Theoretically, coadministration with inducers of CYP450 3A4 and/or P-glycoprotein (P-gp) may decrease the plasma concentrations of rivaroxaban, which is a substrate of the isoenzyme as well as the efflux transporter. In a pharmacokinetic study, administration of a single 20 mg dose of rivaroxaban with the potent CYP450 3A4 and P-gp inducer rifampin (titrated up to 600 mg once daily) resulted in approximately 22% and 50% decreases in mean rivaroxaban peak plasma concentration (Cmax) and system exposure (AUC), respectively, with parallel decreases in its pharmacodynamic effects. The effects of less potent inducers of either CYP450 3A4 or P-gp have not been studied.

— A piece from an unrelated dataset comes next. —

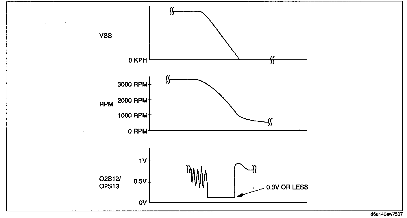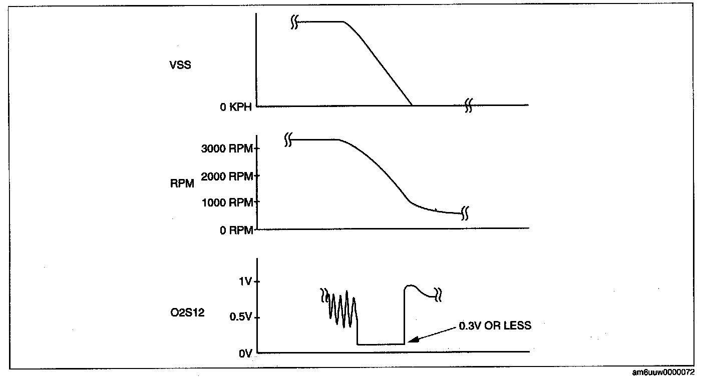4. Verify that the rear HO2S outputs a voltage of 0.6 V or more, one time or more, then verify that the rear HO2S voltage (PID: 02S12) is 0.3 V or less while decelerating as shown in the figure.

ADJUST DOSING INTERVAL: Food may enhance the oral bioavailability of bexarotene. In one clinical study, bexarotene peak plasma concentration (Cmax) and systemic exposure (AUC) resulting from a 75 to 300 mg dose were 35% and 48% higher, respectively, when administered after a fat-containing meal relative to a glucose solution. In all clinical trials, patients were instructed to take bexarotene with or immediately following a meal.

Coadministration with inhibitors of CYP450 3A4 such as grapefruit juice may theoretically increase the plasma concentrations of bexarotene. In vitro studies suggest that bexarotene is metabolized by CYP450 3A4. However, concomitant administration with multiple doses of ketoconazole, a potent CYP450 3A4 inhibitor, did not alter bexarotene plasma concentrations, which would imply that bexarotene elimination is not substantially dependent on CYP450 3A4 metabolism in vivo.

MANAGEMENT: Because safety and efficacy data are based upon administration with food, bexarotene should be administered once daily with a meal. Patients may want to avoid consuming large amounts of grapefruit or grapefruit juice.